At this point, shoulder pain at night worsens, and as such, it becomes difficult for you to fall asleep. This may be due to gravitational effects, which forces the tendons and muscles on your shoulders to face a different position. 

Besides, blood flow within the affected region decreases while increasing tendon pains and, eventually, tendonitis.

5 Things You Can do to Reduce the Pain

1. Change to a Better Position 

Finding an excellent sleeping position can be downright frustrating. Making several turns during the night is normal. However, it could be a course of your shoulder pain nightmare. Sleeping on your back can stimulate shoulder deformity instead, sleep on the opposing shoulder. 

Alternatively, you may put on a sling while sleeping to prevent tossing over. Also, elevating your knees using a pillow can help back pain associated defects. Remember, you may only apply these tips if the pain persists.

2. Have a Sleep Schedule

Sometimes shoulder pains are a result of fatigue. Having a fixed sleeping schedule can be of significant impact on these pains.

Sticking to healthy sleeping habits can help you relax after a long tiresome day by reducing stress as well as tension. It also improves the quality of sleep while lengthening your sleeping period. 

Taking a shower before having a nap can also be of help. Ensure that you’re sleeping in a dark room free from any noise to avoid distractions. 

You may also decide to go snappy by taking medication; however, it’s not advisable. This is because the continuous use of OTC drugs causes addiction, which promotes poor sleeping habits.  

3. Neck Release Exercise

This type of exercise helps reduce the tension between your neck and shoulders. Here is how to do so:

  • Let down your chin to your chest as it helps release the pressure at the back of your neck.
  • Slant your head softly towards the left to exercise your right shoulder.
  • Maintain this position for a minute.
  • Meanwhile, repeat the same procedure on the opposing side for about five times.

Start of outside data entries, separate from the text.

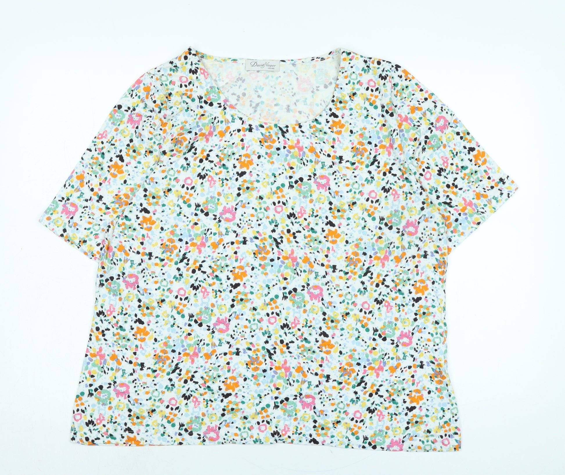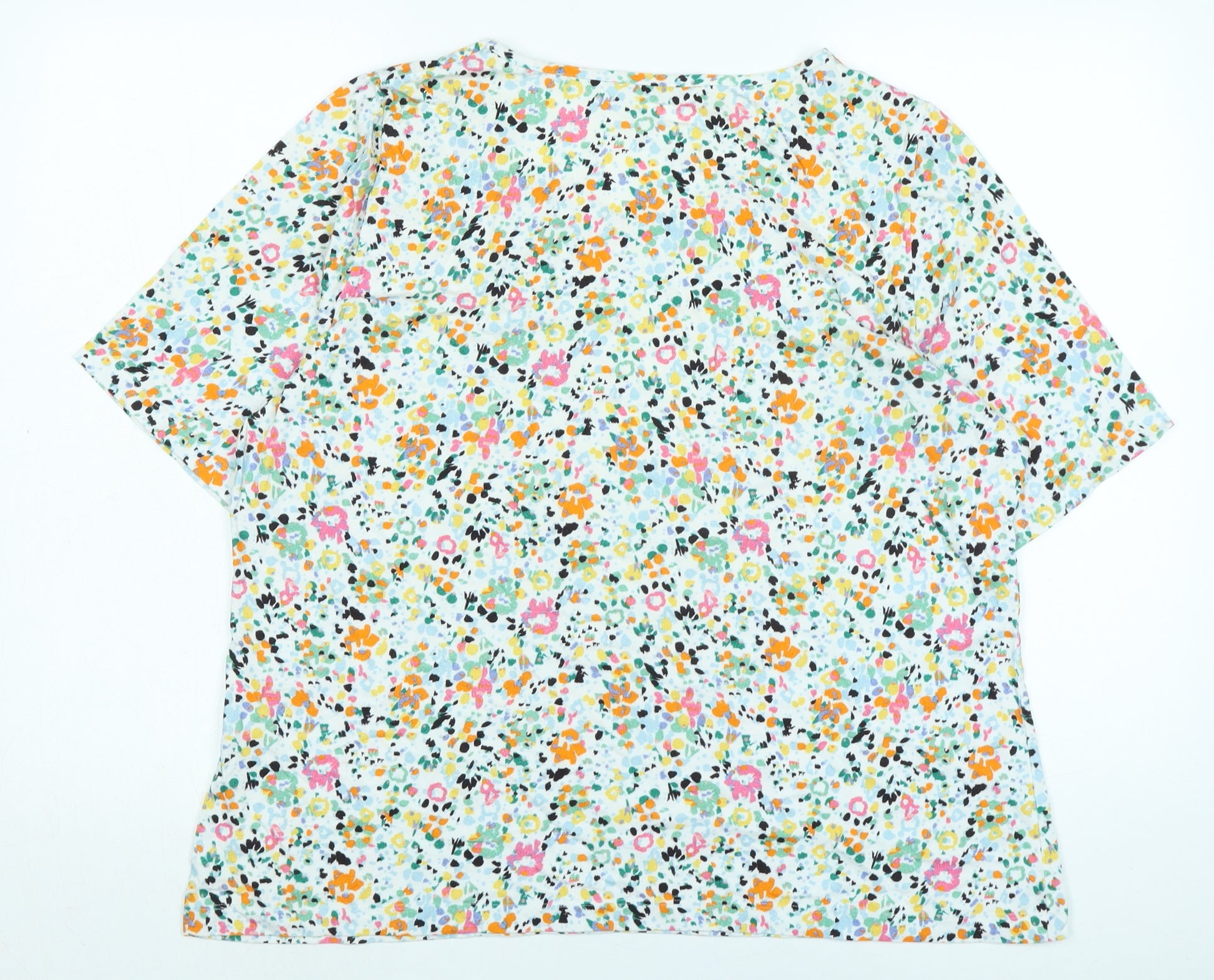 Womens Multicoloured Floral Cotton Basic T-Shirt Size 22 Scoop Neck
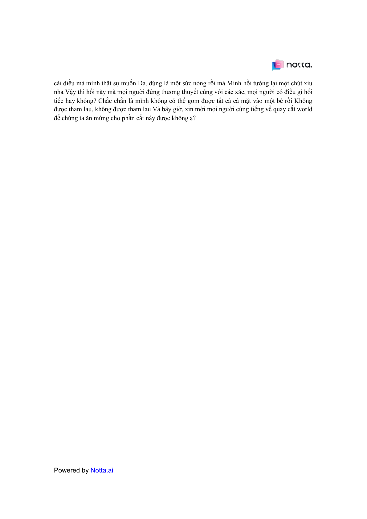 để chúng ta ăn mừng cho phần cắt này được không ạ? Powered by Notta.ai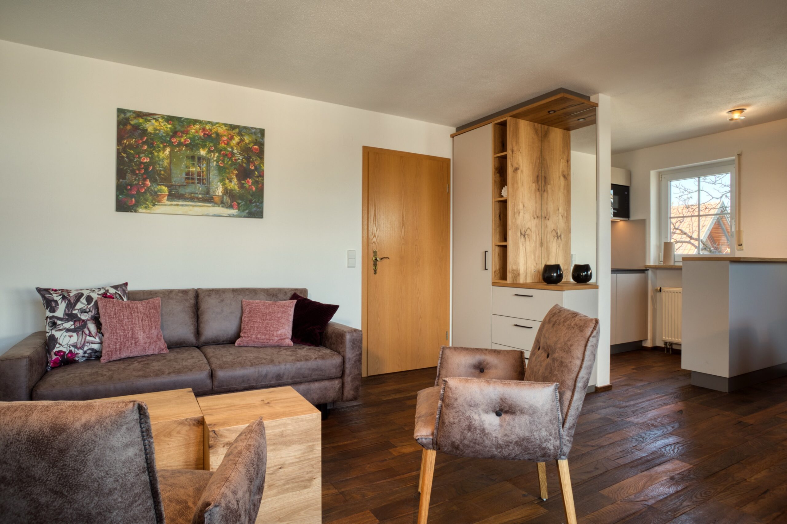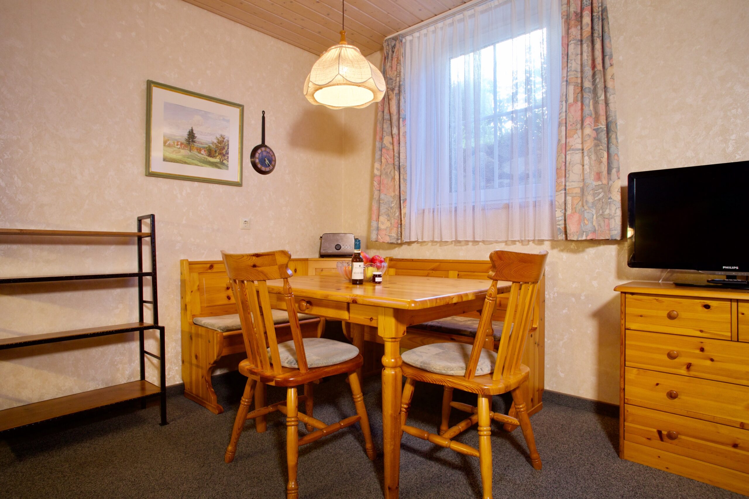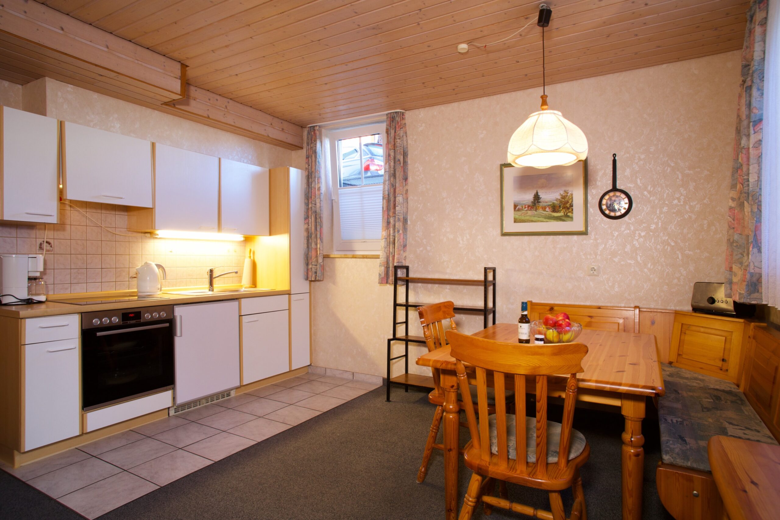 Unsere Wohnungen mit hellen Kiefernholzmöbeln im ländlichen Stil sind alle mit eigenem Telefonanschluß, Sat-TV, Dusche/WC oder Bad ausgestattet. In einer im Wohnraum befindlichen Küchenzeile oder separaten Küche finden Sie, was Sie zur Versorgung im Urlaub brauchen.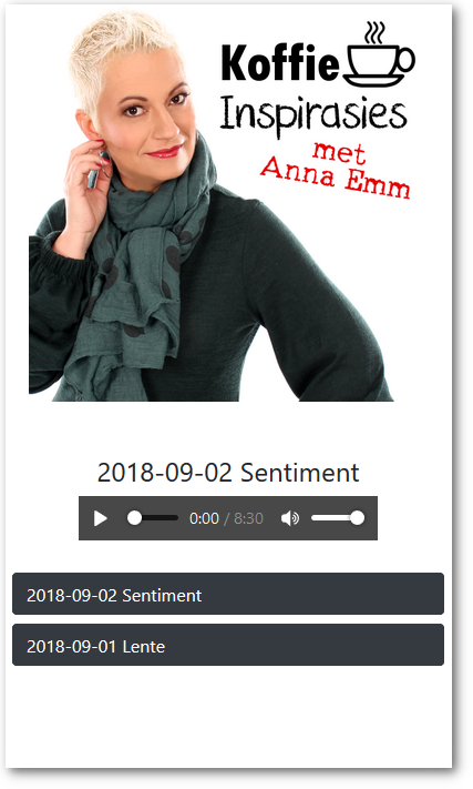 Daaglikse audio inspirasie-boodskappe op jou foon deur skrywer en sakevrou Anna Emm. Registreer vir 14 dae gratis trial.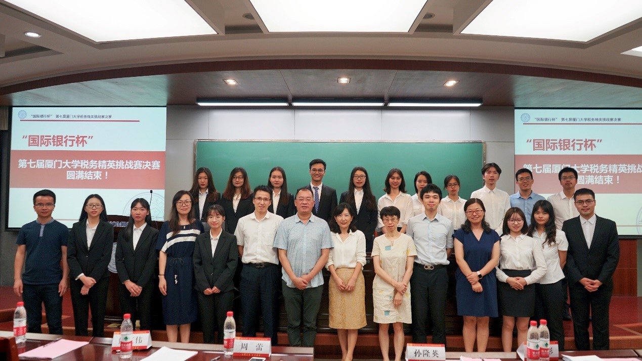 6月21日晚,“国际银行杯”第七届厦门大学税务精英挑战赛决赛暨颁奖仪式在经济楼N302举行。受邀担任决赛评委的有厦门市税务局国际税收管理处调研员孙隆英、厦门市税务局税收经济分析处调研员陈红伟、德勤深圳(厦门)分所税务与商务咨询总监乔彬彬、毕马威企业咨询(中国)有限公司税务经理毛士钦、象屿集团税务经理翁溪湖。经济学院党委副书记周蕾,经济学院财政系熊巍老师等出席活动。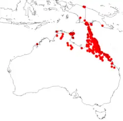 In the Territory, it is found in the bioregions Arnhem Coast, Cape York Peninsula, Einasleigh Uplands, Gulf Fall and Uplands, Gulf Plains, Northern Kimberley, Pine Creek, Tiwi Cobourg, and Wet Tropics.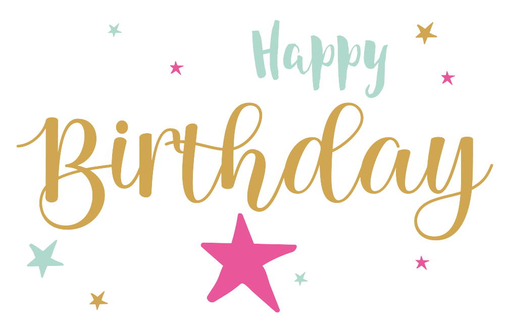 Ein festlicher Geburtstagsgruß mit goldenen und pastellfarbenen Sternen sowie dem fröhlichen Schriftzug Happy Birthday. Perfekt für eine Feier.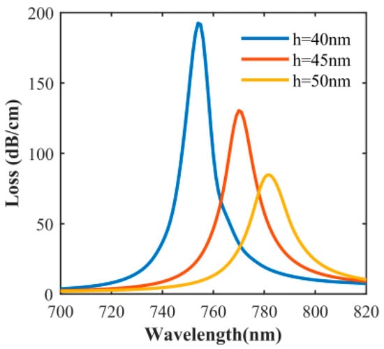 Surface plasmon resonance is very sensitive to the thickness of the metal layer. The thickness of the gold layer is also an important factor affecting the half-width and amplitude of the resonance peak, so the influence of the thickness of gold layer on the sensor should also be considered. Figure 9 shows that the influence of the thickness of the gold layer on the sensor performance under na = 1.43 when other parameters are unchanged. As shown in Figure 9, the resonance wavelength is red-shifted and the loss peak value decreases with the increase of the thickness of gold layer. In Figure 9, under the condition of na = 1.43, the thickness of the gold layer is 40 nm, the peak loss is 192.5 dB/cm, and the resonance wavelength is 754 nm; when the thickness of the gold layer is 45 nm, the peak loss is 130.4 dB/cm, and the resonance wave moves to 770 nm; when the thickness of the gold layer is 50 nm, the peak loss is 84.7 dB/cm, and the resonance wavelength is 782 nm. Obviously, when the thickness of the gold layer increases from 40 nm to 50 nm, the resonance wavelength shifts to a longer wavelength, and the peak loss decreases sharply. The reason is that the thickness of the gold layer increases from 40 nm to 50 nm. When the metal thickness becomes thicker, the central air hole diameter is unchanged, the metal surface is closer to the core mode field, so that the contact area between the core mode field and the metal surface increases, and more light is coupled to the metal surface, and the resonance wavelength is red-shifted [36]. However, at the same time, the SPP mode decays quickly in the vertical direction. When the thickness of the gold film increases, the SPPs mode strength is weakened and the loss sharply decreases.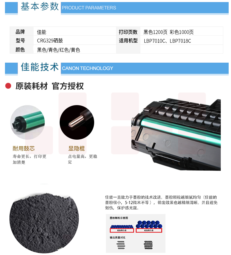 佳能 CRG-329 Y 黄色粉盒 (适用于LBP7010C/LBP7018C)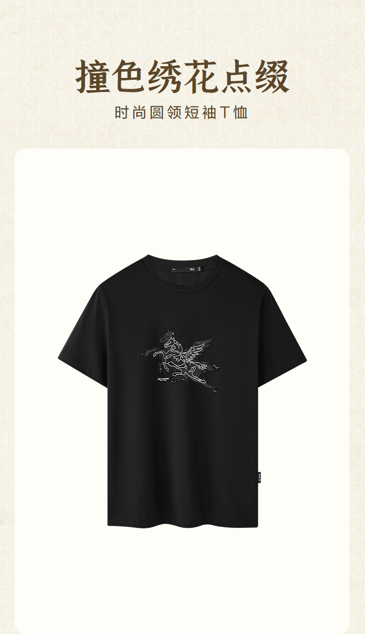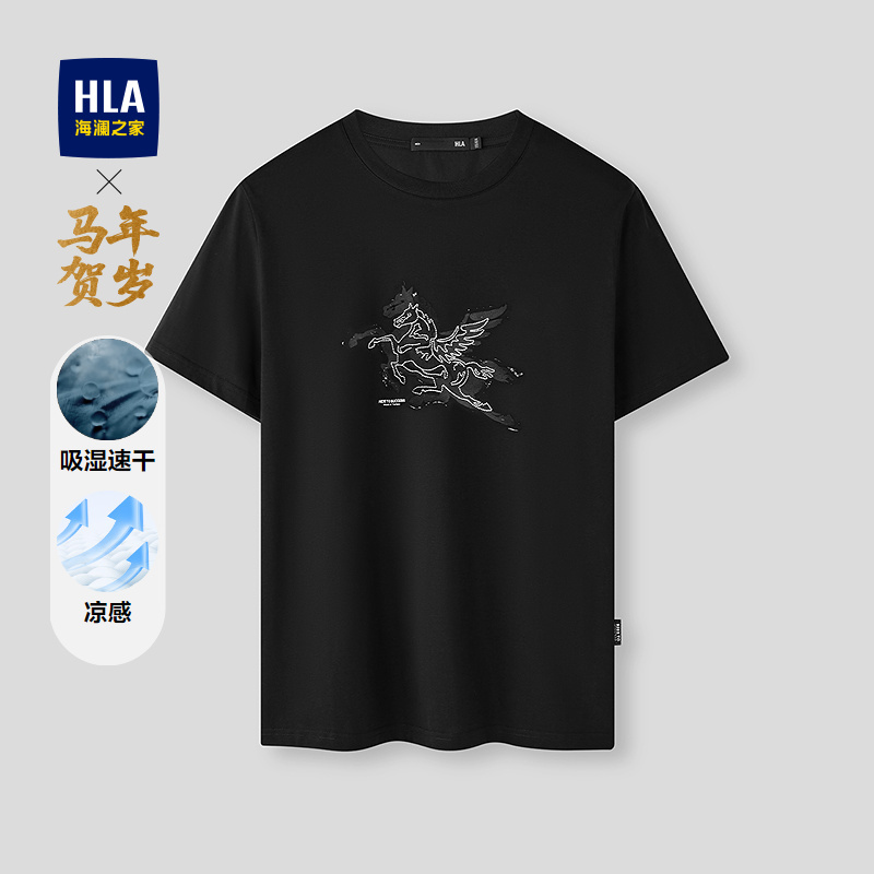 HLA海澜之家马年贺岁系列短T26春夏新飞马绣花凉感速干上衣男HNTBW2F126A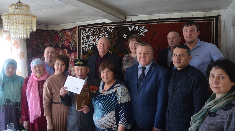 Поздравить юбиляра приехали Глава Сармановского муниципального района Фарит Хуснуллин, начальник отдела социальной защиты населения Лилия Гильмутдинова, директор Центра «Шафкатъ» Гульнара Хузина, председатель Совета ветеранов Назип Миннугулов, руководитель Исполкома сельского поселения Николай Сахуриев. В адрес юбиляра было сказано много тёплых слов. Душевная теплота близких людей прибавила долгожителю сил и желания радоваться каждому мгновению жизни.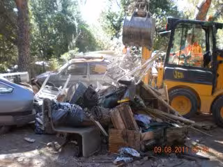 En total se cargaron un total de ocho contenedores, de 30 metros cúbicos cada uno, lo que supone un volumen 240 metros cúbicos. A ello hay que sumar la retirada, por parte de la grúa municipal, de seis coches.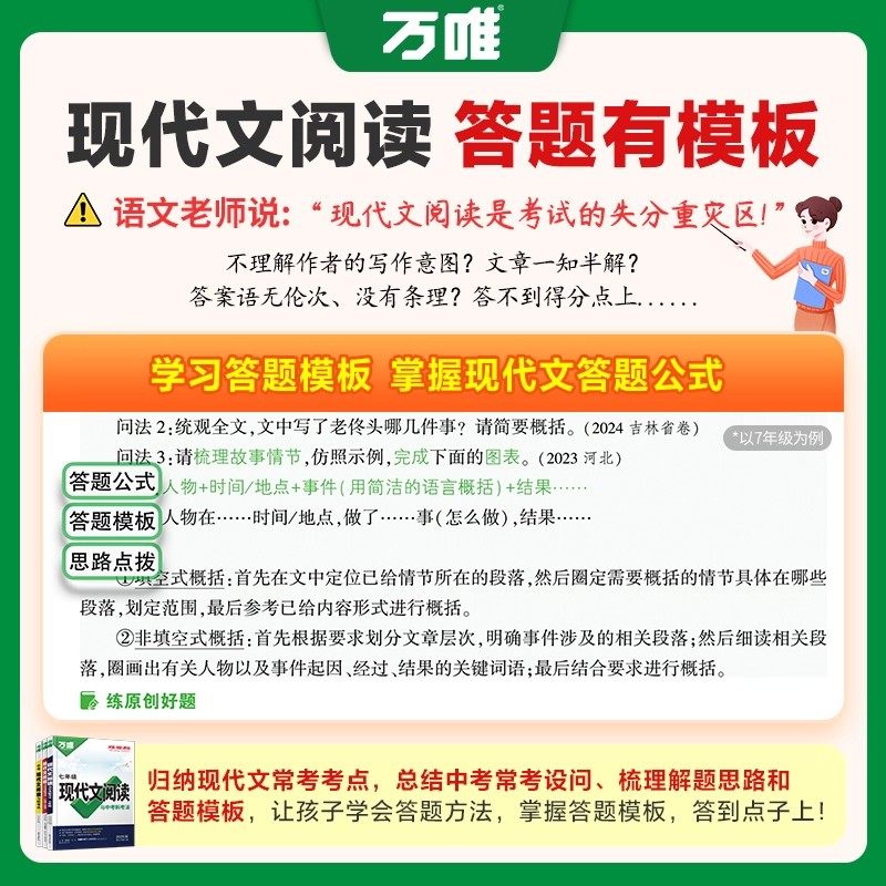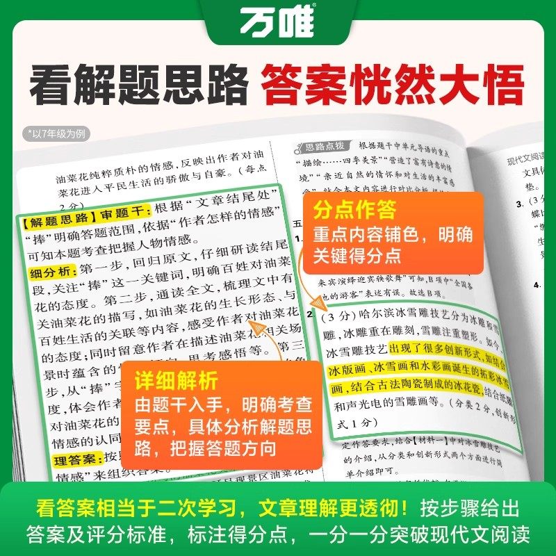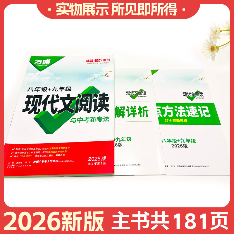 2026版《万唯中考语文现代文阅读·课外文言文阅读》专为七八九年级学生打造,紧扣中考新考法,系统整合现代文阅读、课外文言文、名著阅读三大核心板块。精选历年真题与优质模拟题,覆盖记叙文、说明文、议论文及经典文言篇目,注重思维训练与答题技巧点拨。结合新课标要求,强化文本理解、信息整合与语言表达能力,帮助学生突破阅读瓶颈。名著部分聚焦中考高频考点,提供精要解读与实战演练。全书结构清晰,讲练结合,助力初中生高效备考,全面提升语文综合素养,迎战2026年中考。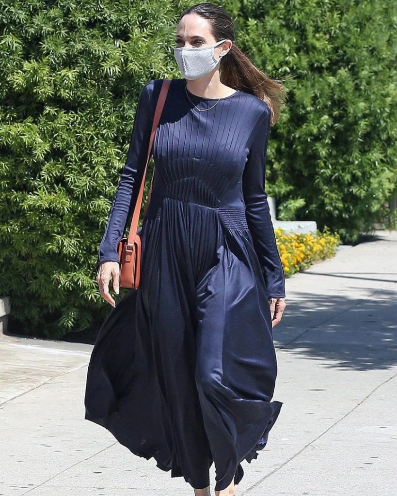 El vestido de jersey de seda, con mangas largas, cuello cerrado y la falda hasta el tobillo lleva todo el frente plisado. Súper elegante, se convierte en la opción perfecta para usar de noche en una cena especial. Angelina supo hacerlo más casual combinándolo con sandalias bajas.

  • Put one hand on one of your shoulders. Another on top of your ear to help with the exercise.
  • Roll down your chin so that it leans on your chest.
  • Swiftly turn your head towards the left to help stretch your right shoulder.
  • Hold onto this posture for one minute.
  • Do the same on the other side about three to five times.

4. Eagle Arms Exercise 

This helps to exercise your muscle shoulders. You can do it by placing your arms on opposing shoulders.

  • Stretch your arms to the sides while you maintain your sitting position.
  • Place your arms across each other with the elbows facing in front. Your right arm should be the one on top.
  • With your elbows bent, place your forearms and arms together.
  • Try to reach your right arm while keeping your palms intact.
  • Maintain the same posture for 15 seconds — meanwhile, breathe out as you stretch your elbows towards your chest.
  • Lift your hands off your chest and breathe in.
  • Carry on with the same exercise for a minute after which, you may do the same on the other side.

5. Across the Chest 

If you want to improve the flexibility of your shoulder muscles, then this type of exercise should be your top priority.

  • Put your right hand across your chest.
  • Support your arm with the help of your left hand.
  • Hold onto this position for a minute.
  • Repeat the same exercise on the other side for about five minutes.

Avoid advanced Stretching Exercises

Note that stretch exercises should be gentle, which means you should stop exercising in case of any pain to avoid hurting yourself.

Strenuous exercises are, however, not recommended for people suffering from chronic pains as it may worsen their conditions.

Warming up before any stretch exercises while maintaining your breath is an excellent way of doing stretch exercises.

In Conclusion 

Despite being a common pain, shoulder pains are manageable. Doing the above stretching exercises puts you at a greater position of relieving shoulder pains.

The use of home remedies, along with medical treatment, will even facilitate the recovery of your shoulder pain. 

However, it’s essential to continue with your medication even after getting better to prevent the shoulder pain from coming back.

Finally, consult your physician for better medication to avoid adverse effects due to the wrong medication.